This posts lists the tools, frameworks, and environments we use in my research group, mainly for prospective students and those new to the group. Some of these are fairly common, while others are specific to our research projects.

The following are used in all our projects:

  • Operating system: Linux.

  • Programming languages: C++, Python, LaTeX, bash scripts. We are fairly conservative in our choice of programming languages; this is to ensure that the barrier to entry is low for our various research projects, and there is good tool support for the languages we use.

  • git: distributed version control system.

  • Bazel: build and test tool supporting multiple languages. There was definitely a steep learning curve and migration cost to moving to Bazel, but the ability to have a single build system across all our projects has been a net positive.

  • pytest and GoogleTest: Python and C++ testing frameworks.

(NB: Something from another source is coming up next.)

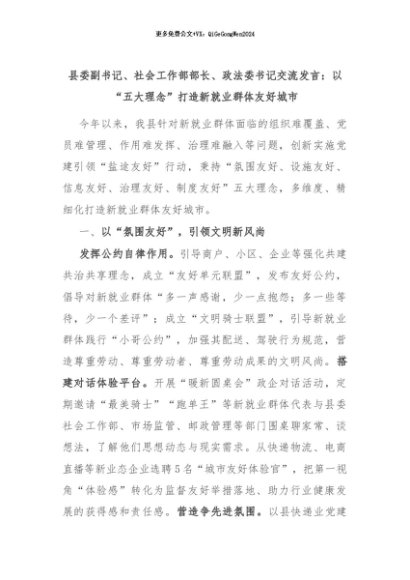 【七哥公文】2024年:县委副书记、社会工作部部长、政法委书记交流发言:以“五大理念”打造新就业群体友好城市+更多免费公文+VX:QiGeGongWen2024

  • Protocol buffers: language-neutral, platform-neutral extensible mechanism for serializing structured data. These are a great way of specifying not just the input and output of our various tools, but also simplify serializing intermediate state.

  • gRPC: modern open source high performance Remote Procedure Call (RPC) framework. We have found the combination of protobuf/gRPC allows us to build multi-language tools as well as reusable components.

  • Docker: containers, mostly used to ease reproducibility.

  • BenchExec: framework for reliable benchmarking and resource measurement.

  • Amazon Web Services (AWS): cloud computing service. After testing and profiling on local machines, we usually use AWS to get the final experimental data, especially when doing large-scale studies on hundreds of benchmarks.

The use of the following tools depends on the specific project:

  • LLVM: compiler infrastructure.

  • PyTorch: machine learning framework.

  • NumPy: package for scientific computing with Python.

  • Intel Threading Building Blocks (TBB): library that supports scalable parallel programming using standard ISO C++ code.

  • TCMalloc: fast, multi-threaded malloc implementation. TCMalloc is a must when doing parallel programming, for instance, using TBB.

  • Eigen: C++ template library for linear algebra.

  • LTTng and Babeltrace: tracing framework for Linux, and trace manipulation toolkit.

  • pandas: Python data analysis library.

  • Matplotlib: Python library for creating static, animated, and interactive visualizations.

  • Z3: theorem prover.

Tutorials for these various tools can be found at the links above. An example of a project that uses a lot of these tools is SyReNN.